A pertinent question arising out of the results described in this paper and other recent studies is the relevance of gidB mutations conferring low-level resistance on therapy of TB patients with STR. Accurate DST of M. tuberculosis isolates to anti-TB drugs is crucial for effective management of drug-resistant TB [1, 4, 5]. Discrepant DST results by phenotypic and genotypic methods have been reported recently for M. tuberculosis isolates with borderline resistance (minimum inhibitory concentration, MIC values close to critical concentration of the drug) for three first-line (RIF, EMB, and PZA) and some second-line drugs [13‒15, 35, 36]. The clinical impact of borderline resistance on patient outcome remains unknown for individual drugs in combination therapy except for RIF [14, 35, 36]. Recent studies have shown that treatment failure/relapse rates are same among TB patients infected with isolates with high-level RIF resistance due to well-known rpoB mutations or borderline resistance due to some specific (disputed) rpoB mutations [35, 36]. PZA is also not recommended in treatment regimens if genotypic DST results indicate resistance [37]. These observations strongly suggest that STR should also be included in treatment regimens for RR-/MDR-TB only if both phenotypic and genotypic resistance testing indicate susceptibility and thus usefulness of the drug to avoid amplification of resistance and toxic side effects [14, 31].

Our study has a few limitations. The MIC values for STR among M. tuberculosis isolates were not determined. The gidB gene was not sequenced from all isolates carrying an rpsL mutation. The clinical details, treatment given, and outcome were not available for TB patients as most of the patients were expatriate subjects who were sent back to their respective countries after initial treatment to achieve sputum smear-negative status was fulfilled.

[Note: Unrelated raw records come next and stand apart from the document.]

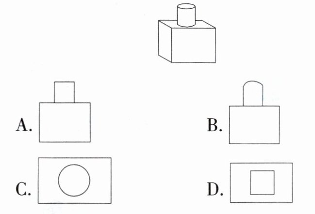5. 下图是一个圆柱和一个长方体组成的几何体,圆柱的下底面紧贴在长方体的上底面上,那么这个几何体的俯视图可能是( ).
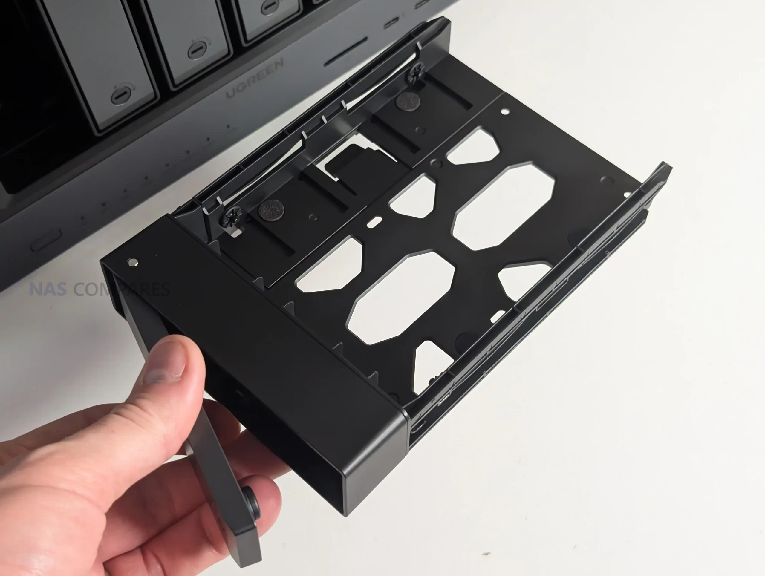 Storage capacity is built around 6 front loading SATA bays, with UGREEN quoting 196TB maximum raw capacity for the platform. Drive insertion uses the same general tray approach seen on the company’s recent NAS units, including lockable bay fronts and a plastic click and load mechanism intended to speed up installation without tools. It is a conventional arrangement for a 6 bay desktop NAS, but the metal enclosure can make drive acoustics more noticeable depending on the HDD model and rotational behaviour, which becomes relevant when users populate the unit with larger capacity drives that often have more platters and more audible seek patterns. The front bay layout is straightforward, prioritising density and serviceability, with the expectation that this is a system meant to hold a large primary library rather than act as a small secondary backup target.
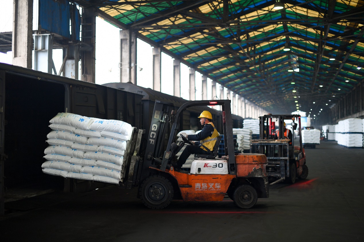 在云天化安宁物流园堆满化肥的成品库里,一辆辆叉车往返穿梭忙碌不停,将堆码在成品仓库的磷酸一铵、磷酸二铵送进车厢,这些满载着化肥的专列将从安宁物流园铁路专用线出发,把化肥运往全国各地。
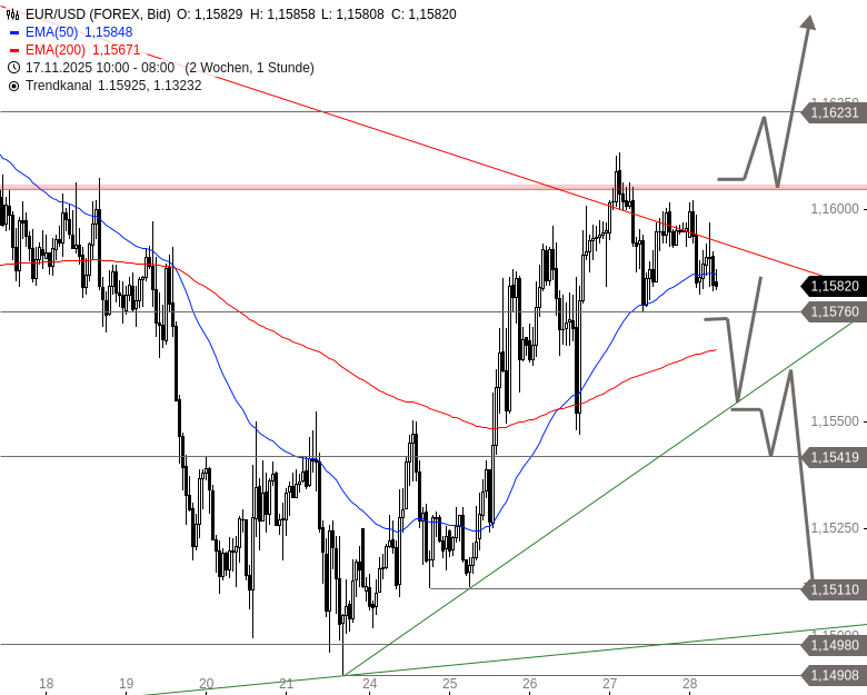 Unterstützungen: 1,1576 + 1,1551 + 1,1542 + 1,1511
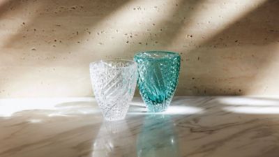 Cased glass, which consists of fused layers of different colors, was specifically chosen to produce the lovely turquoise shade. When carved by hand, the colorful inner layer is playfully revealed. And while traditional techniques were employed in the making of each piece, their creation underscores an exciting evolution in the art of Kiriko. These beautiful glasses were born from the collaboration between Lexus and Studio Kobin, both of whom embrace the values of traditional craftsmanship while continuing to push the boundaries. Because sooner or later, beauty breaks the rules.
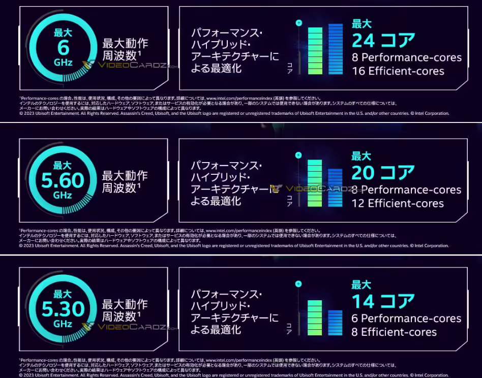 10 月 4 日消息,英特尔 14 代酷睿 Raptor Lake Refresh 处理器的日版宣传材料已经曝光,并透露了新品的简单规格。

Phenotypic DST of M. tuberculosis isolates against three first-line anti-TB drugs is imperfect. Discordance among phenotypic and genotypic resistance testing for RIF has been noted in isolates with specific rpoB mutations which cause only borderline resistance. However, treatment failure rates among isolates with high-level or borderline resistance for RIF are nearly same. Previous studies have shown that deletion frame-shift, nonsense, or well-defined nonsynonymous mutations in gidB also confer low-level of resistance to STR. The presence of such mutations in some pansusceptible M. tuberculosis isolates in Kuwait suggests that low-level STR resistance in these isolates was missed by the faulty phenotypic testing by MGIT 960 system. As a few phenotypically STR-resistant M. tuberculosis isolates also lacked a mutation in rpsL, rrs, or gidB, both phenotypic and genotypic resistance testing should guide inclusion of STR in therapy regimens to avoid amplification of resistance and toxic side effects.

The study was approved by the Ethical Committee of the Health Sciences Center, Kuwait University (Approval No. VDR/EC/3451).

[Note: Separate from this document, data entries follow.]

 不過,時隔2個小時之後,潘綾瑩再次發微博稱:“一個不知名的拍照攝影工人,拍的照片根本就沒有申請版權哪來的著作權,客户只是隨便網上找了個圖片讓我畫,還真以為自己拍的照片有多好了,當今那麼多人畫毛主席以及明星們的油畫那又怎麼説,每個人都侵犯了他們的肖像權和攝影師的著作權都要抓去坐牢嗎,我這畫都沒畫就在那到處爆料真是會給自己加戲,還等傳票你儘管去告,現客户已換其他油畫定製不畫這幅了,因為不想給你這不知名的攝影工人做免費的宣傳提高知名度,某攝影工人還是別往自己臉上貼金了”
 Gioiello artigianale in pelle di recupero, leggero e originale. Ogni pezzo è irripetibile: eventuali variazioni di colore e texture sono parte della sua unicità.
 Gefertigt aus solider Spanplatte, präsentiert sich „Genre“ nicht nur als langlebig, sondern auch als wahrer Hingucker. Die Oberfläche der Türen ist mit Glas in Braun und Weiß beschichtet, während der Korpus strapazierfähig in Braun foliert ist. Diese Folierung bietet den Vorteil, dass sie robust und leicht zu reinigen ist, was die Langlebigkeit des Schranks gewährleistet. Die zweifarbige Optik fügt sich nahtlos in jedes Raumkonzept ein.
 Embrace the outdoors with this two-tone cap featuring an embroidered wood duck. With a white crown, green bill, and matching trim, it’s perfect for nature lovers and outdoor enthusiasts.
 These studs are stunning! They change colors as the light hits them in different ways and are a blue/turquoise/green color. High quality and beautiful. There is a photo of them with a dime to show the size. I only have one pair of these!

The authors have no conflicts of interest to declare.

This study was funded by the Department of Microbiology, College of Medicine, and Research Core Facility grant SRUL02/13, Kuwait University.

Noura M. Al-Mutairi, Suhail Ahmad, and Eiman Mokaddas designed the study. Noura M. Al-Mutairi performed the experiments and collected the data. Noura M. Al-Mutairi and Suhail Ahmad analyzed the data and wrote the first draft of the manuscript. All the authors edited and approved the final version of the manuscript.

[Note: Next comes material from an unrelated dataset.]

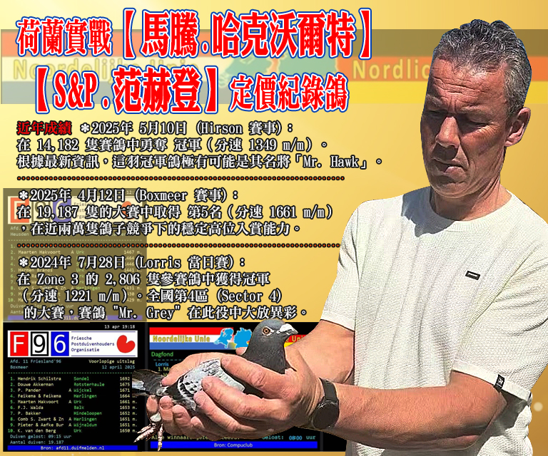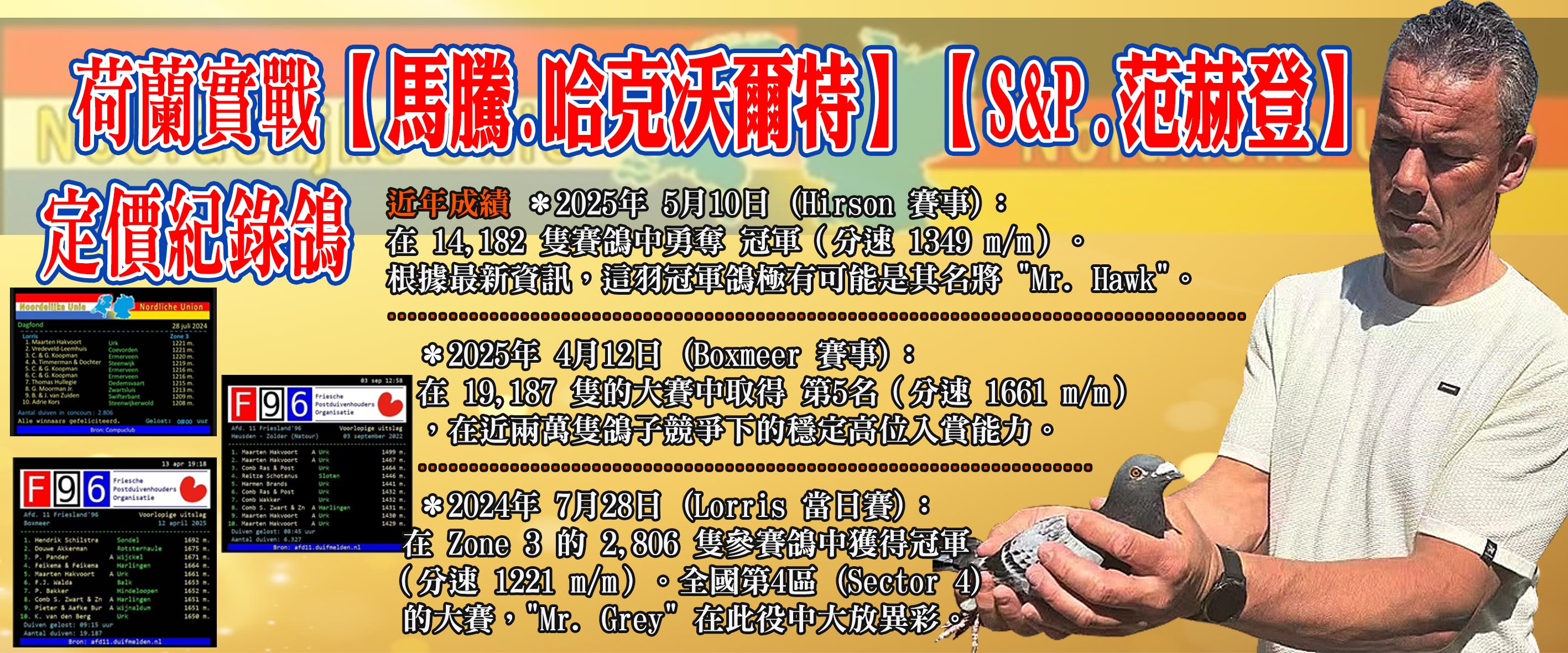 荷蘭名家【馬騰.哈克沃爾特】&【S&P.范赫登】紀錄鴿專場
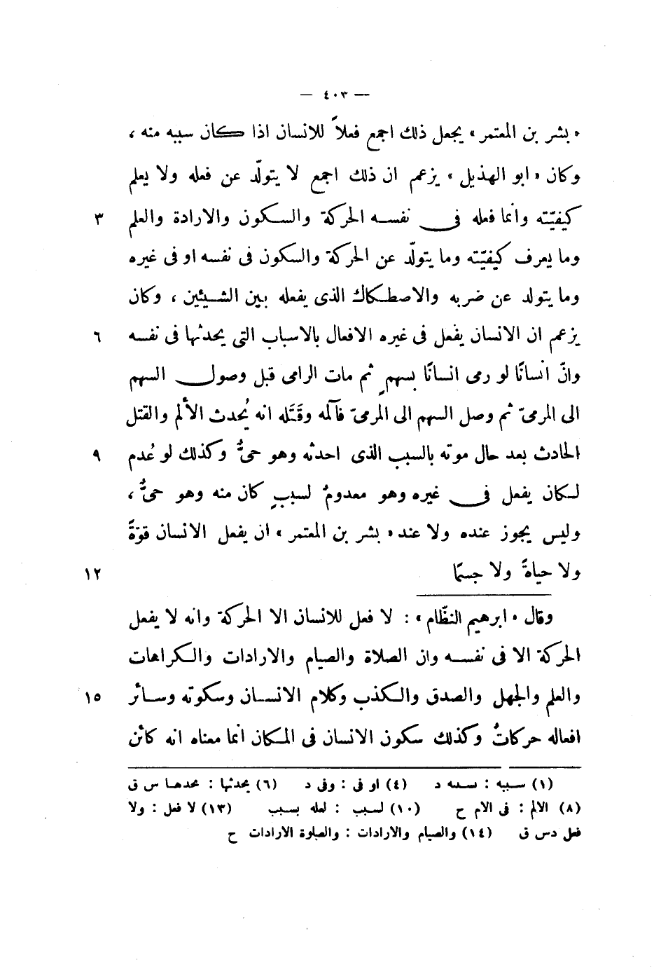 بشر بن المعتمر يجعل ذلك أجمع فعلاً للإنسان إذا كان سببه منه، وكان أبو الهذيل يزعم أن ذلك أجمع لا يتولد عن فعله ولا يعلم كيفيته وإنما فعله في نفسه الحركة والسكون والإرادة والعلم وما يعرف كيفيته وما يتولد عن الحركة والسكون في نفسه أو في غيره وما يتولد عن ضربه والاصطكاك الذي يفعله بين الشيئين، وكان يزعم أن الإنسان يفعل في غيره الأفعال بالأسباب التي يحدثها في نفسه وأن إنساناً لو رمى إنساناً بسهم ثم مات الرامي قبل وصول السهم إلى المرمي ثم وصل السهم إلى المرمي فآلمه وقتله أنه يحدث الألم والقتل الحادث بعد حال موته بالسبب الذي أحدثه وهو حي وكذلك لو عدم لكان يفعل في غيره وهو معدوم لسبب كان منه وهو حي، وليس يجوز عنده ولا عند بشر بن المعتمر أن يفعل الإنسان قوة ولا حياة ولا جسماً.

The DNA sequencing data for rpsL, rrs, and gidB reported in this study have been submitted to GenBank under Accession No. OR633395-OR633431 and European Nucleotide Archive (ENA) under the accession numbers LR782538 and LR782098 to LR782121 and are freely available. All other data are available in the manuscript and the information will be provided by the corresponding author upon reasonable request.